Learning is the first step towards integrating adaptive capacity to your systems. You have to learn how your teams and your systems respond to stress. It’s why we don’t say “I’ve seen seven years of incidents” but instead “Well, let me tell you about one time when…”.

We go to Conferences to learn

We have 1:1s where we learn

We read up on blog posts and books to learn

All of these are stories. When we improve in our orgs, we don’t say “Remember: This consul config needs to be set to 360”. It’s “Remember the time Consul started to demand more resources during that sales push? We had to bump the config here to 360, because underneath that number we can’t keep a quorum quickly enough”. Our improvements are intrinsically tied to our experiences and our learning.

If all of this is ever present and without conscious thought, why bother placing so much emphasis on learning? We’re going to adapt anyways - why not just fix stuff and move on? It’s a lot faster after all.

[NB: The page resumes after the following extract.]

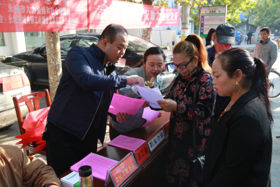 大河网讯 2018年10月31日,由永城市总工会、永城市人力和社会资源保障局主办,永城市城关镇人民政府承办的“金秋招聘月”专场招聘活动在城关镇行政服务大厅门口举行,活动现场设立咨询台,发放招聘岗位公告、农民工就业指导手册。

Simple answers aren’t enough. Our runbooks are useful - but they’re not enough. The dashboards we put in place and the action items generated help, but they don’t connect all the dots. The metrics we surface to illustrate a point are two dimensional when we need to see the bigger picture. They’re data - we need insights.

We never know what’s next, looming over the horizon. Learning is the only way to be prepared for whatever is to come.